The molecular barcoding approach for reducing amplification bias in PCR or in vitro transcription introduces a randomly synthesized oligonucleotide known as a unique molecular identifier (UMI) into RT primers (Islam et al., 2014). During RT, each cDNA is labeled with a UMI; thus, the number of cDNAs of a gene before amplification can be inferred by counting the number of distinct UMIs mapped to the gene, eliminating amplification bias.

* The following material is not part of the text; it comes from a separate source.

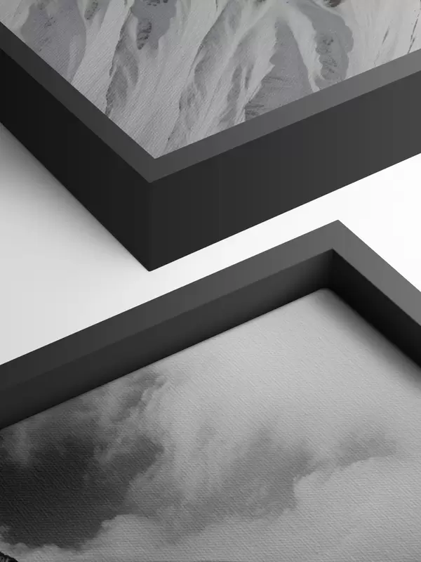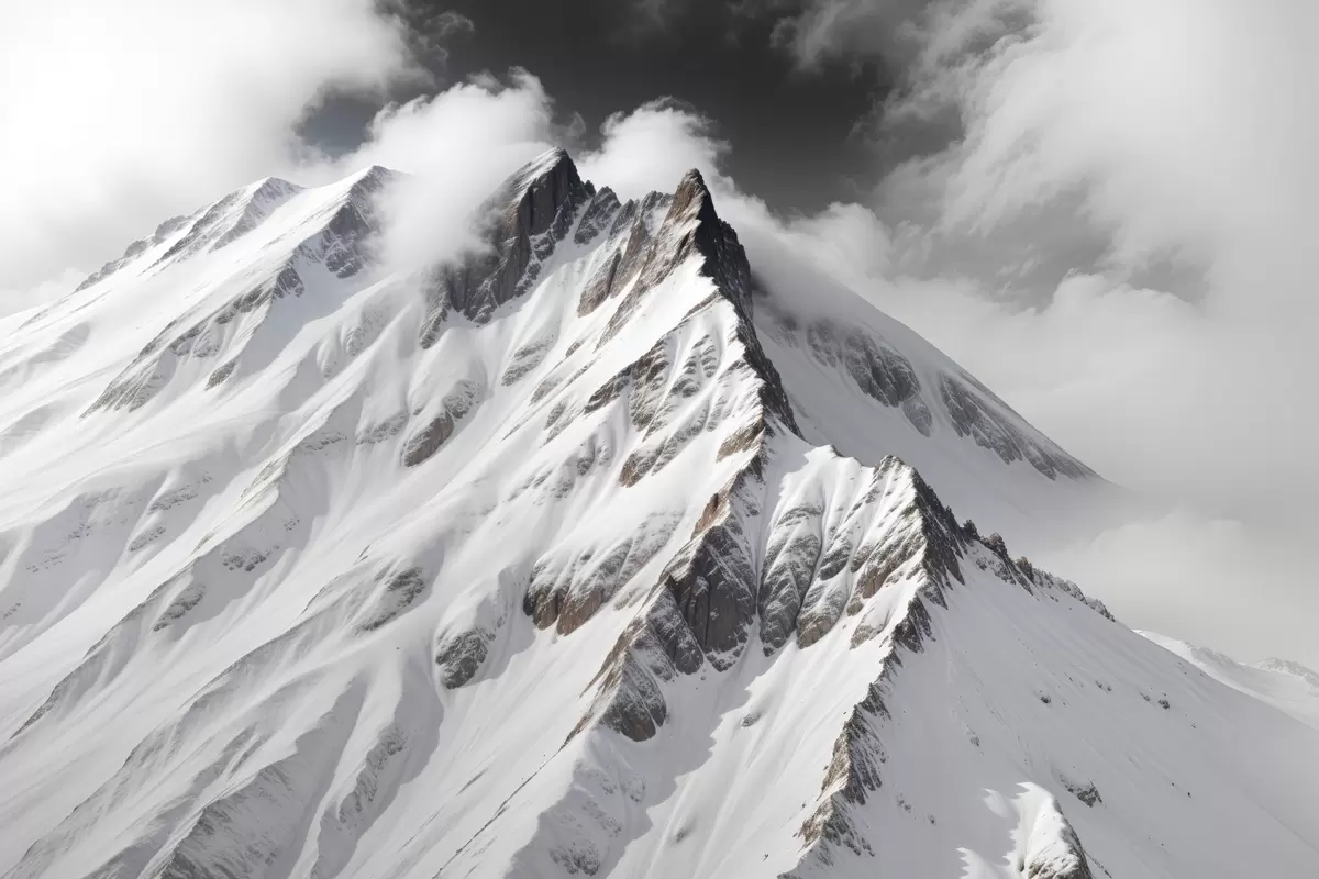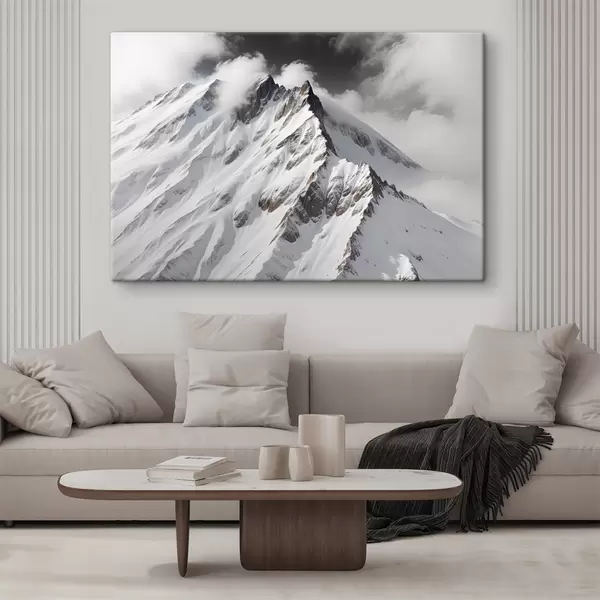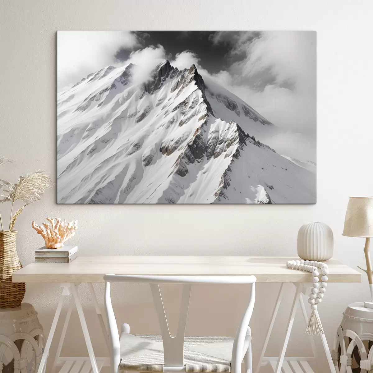 Maalid Lumised mustvalged mäetipud pilves dramaatilisel maastikul Nr s40553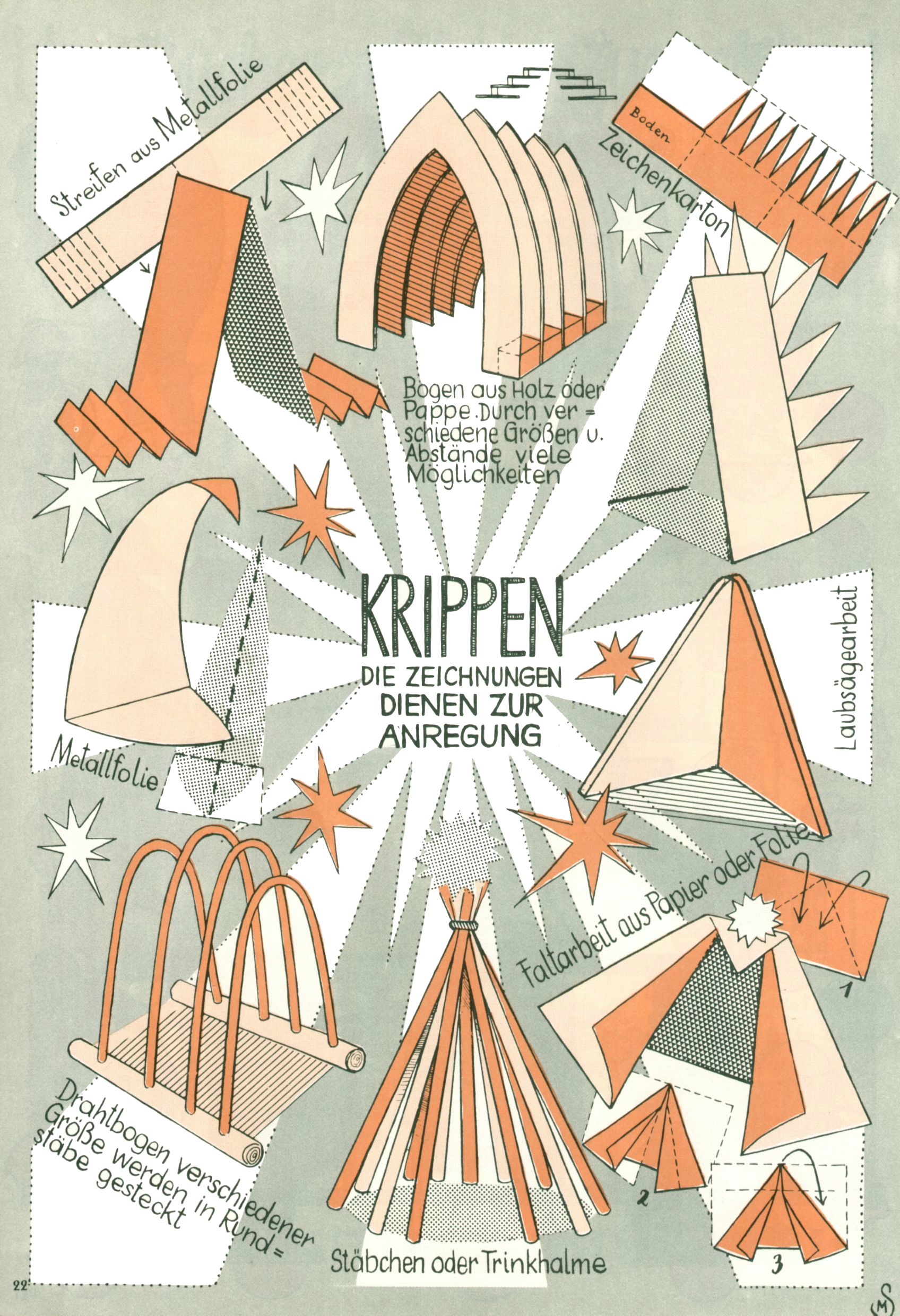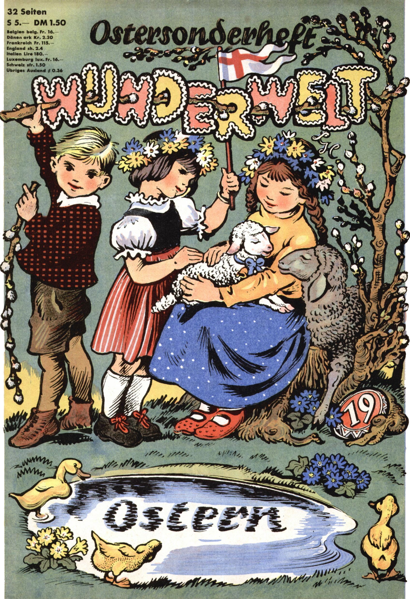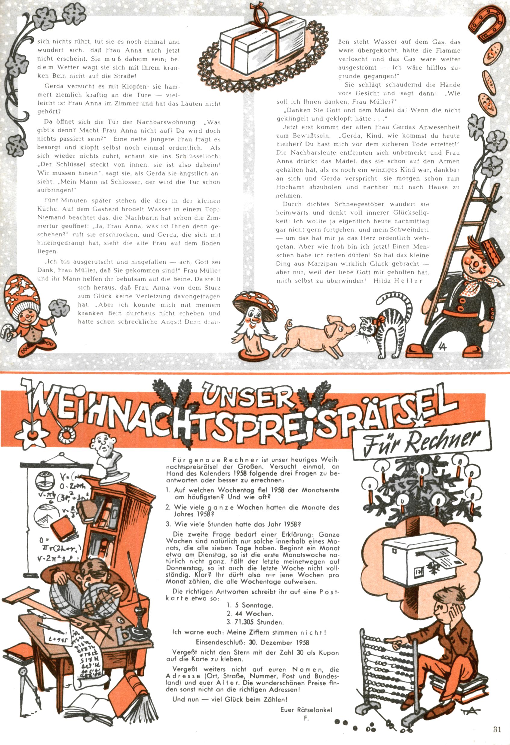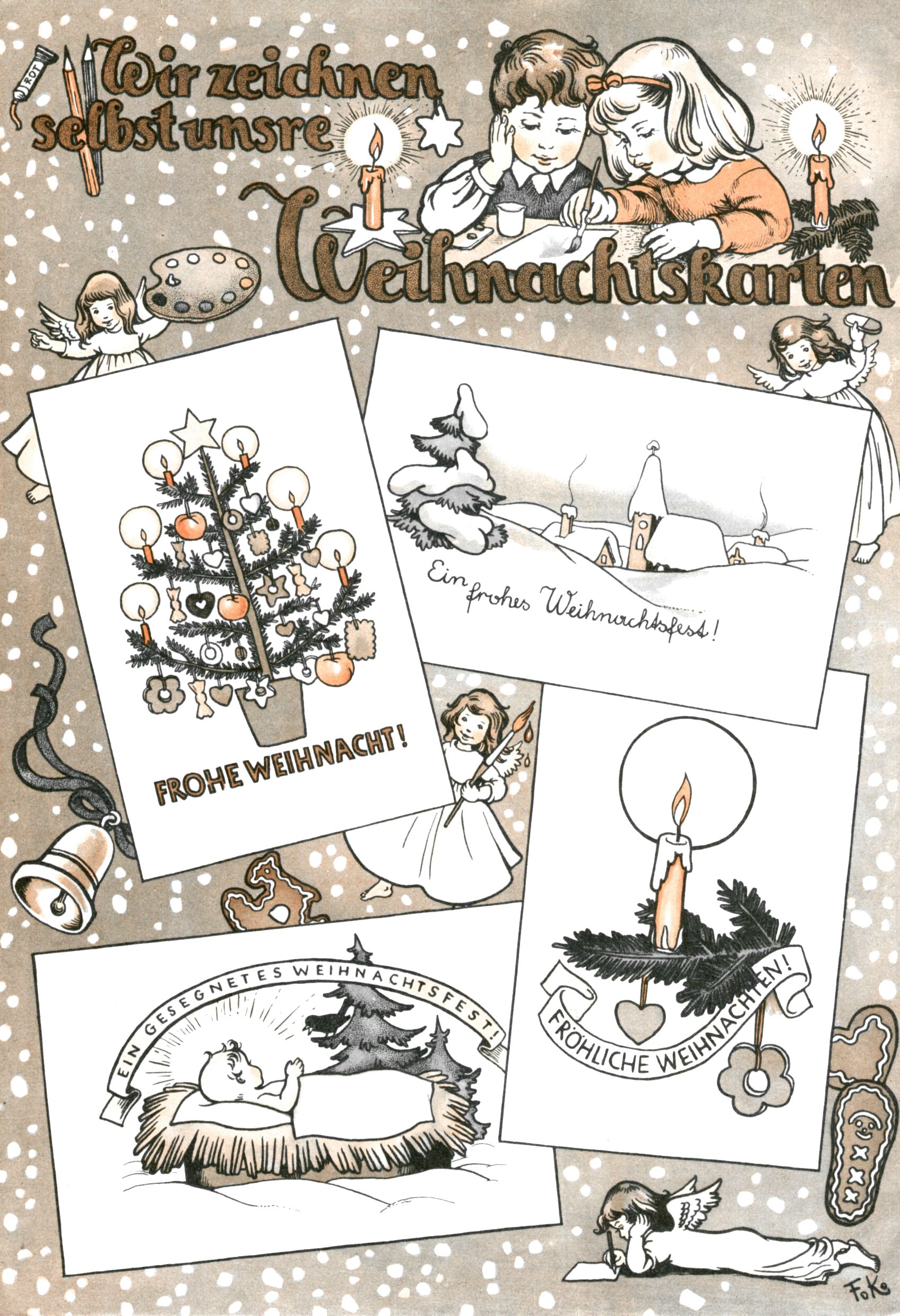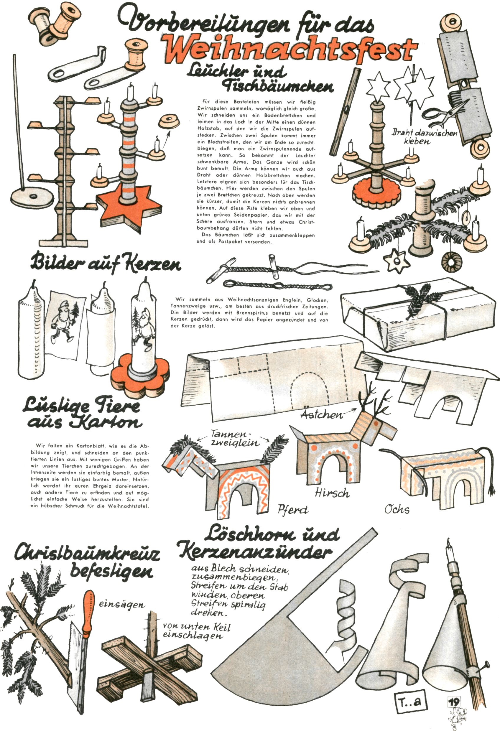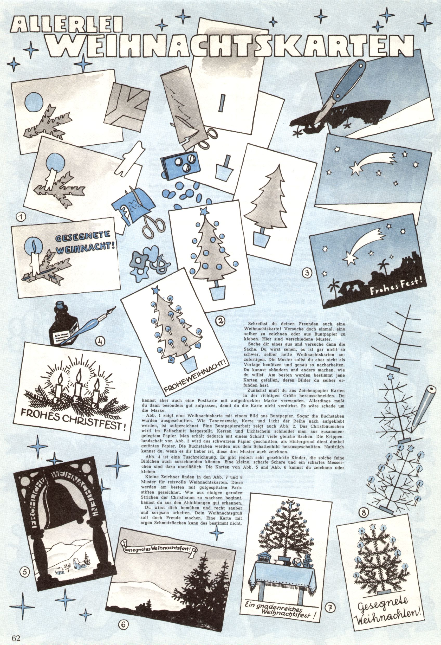 Die Wunderwelt im Festtagsgewand In den Sonderheften präsentierte sich die Wunderwelt wahrhaftig in Feiertagsstimmung. Mit wenigen Ausnahmen gab es pro Jahr drei Sonderhefte - zu Weihnachten bzw. im Advent, zu Ostern und in den Ferien im Sommer. Experimente mit Faschings- und Muttertagsheften hatten sich nicht bewährt. Selbst als es die Einzelhefte in der Krisensituation nach 1967 nicht mehr gab, wurde die Wunderwelt-Zeitung im Layout der Sonderhefte fortgesetzt: Zunächst mit 3 bis 5 und ab 1971 immerhin wieder mit 10-12 Heften pro Jahr. Die Weihnachts-, Oster- und Ferienhefte hatten naturgemäß verschiedene Schwerpunkte. Während im Sommer Spielen und Werken mit Material im Vordergrund stand, waren es zu Weihnachten Krippen und Adventhäuser; zu Ostern dann Erzählungen, Hasenstädte und Oster-Basteleien. Das bessere Papier der Sonderhefte erleichterte das Ausschneiden der insgesamt mehr als 1000 Papiermodelle erheblich. Die Sonderhefte waren vergleichsweise aufwändig gestaltet, aber auch ein wichtiges Zusatzgeschäft für die Zeitung. Die Kinder fieberten dem Erscheinungsdatum der jeweiligen Ausgabe nicht selten richtiggehend entgegen. Mit knapp 100 Seiten pro Jahr machten die Sonderhefte von der Menge her zwar nicht einmal ein Viertel aus, trugen aber zum Erscheinungsbild mindestens genauso viel bei wie die Standardhefte. Im Wesentlichen blieb das Layout der Sonderhefte über die Jahre hin unverändert. Mühselig wurde es, als man den Inhalt der Beiträge vorübergehend auf die Seiten gleichmäßig verteilte und die Kinder ermunterte, die Hefte in der Mitte zu zerschneiden. Die eine Hälfte enthielt dann etwa Erzählungen und Bastelvorschläge, der andere Teil der Zeitung Spielanleitungen. Zur übersichtlichkeit trugen diese Layoutversuche jedenfalls in keiner Weise bei und als besonderen Auswuchs gab es eine Zeitlang auf einer Seite oft mehrere Seitennummern, je nachdem, ob sich diese auf das Gesamtheft oder den herauszunehmenden und zu zerschneidenden Heftteil bezogen. Gegen Ende der 1950er Jahre kehrte man wieder zu einem ganzseitigen Layout zurück und Ideen wie ein Spiel-(Heft-im-)Heft gehörten der Vergangenheit an. In den Sonderheften experimentierte man dann noch ab Mitte der 1960er Jahre, als die Verkaufszahlen stark rückläufig waren, mit grundsätzlich neuen Darstellungsformen - weg vom Niedlich-Kitschigen und engagierte neue Grafikerinnen wie Gundi Groh und Hella Soyka. Den erhofften Erfolg brachte dies jedoch nicht mehr. |

Further improvements for sensitivity and throughput

These two barcoding strategies have become the standard in recently developed methods for scRNA-seq, which had already been improved compared with early protocols in terms of sensitivity and throughput. For most protocols, the sensitivity of recovering mRNA molecules present in a single cell is ~3–20% (Papalexi and Satija, 2018). Inefficient RT is responsible for such low capture rates; therefore, considerable effort has been devoted to increasing cDNA yield through optimization of RT enzymes (Hashimshony et al., 2016), buffer conditions (Picelli et al., 2013; Sasagawa et al., 2018), primers (Hashimshony et al., 2016; Picelli et al., 2013; Sasagawa et al., 2018), the subsequent amplification step (Bagnoli et al., 2018; Picelli et al., 2013), and reaction volume (Hashimshony et al., 2016). The most effective approach for improving sensitivity is to reduce the effective reaction volume, either by implementing nanoliter reactors in a microfluidics device (Hashimshony et al., 2016) or adding macromolecular crowding agents (Bagnoli et al., 2018). For example, the molecular crowding single-cell RNA barcoding and sequencing (mcSCRB-seq) protocol achieved 2.5-fold increase in sensitivity compared with its previous version by combining macromolecular crowding and optimized amplification (Bagnoli et al., 2018).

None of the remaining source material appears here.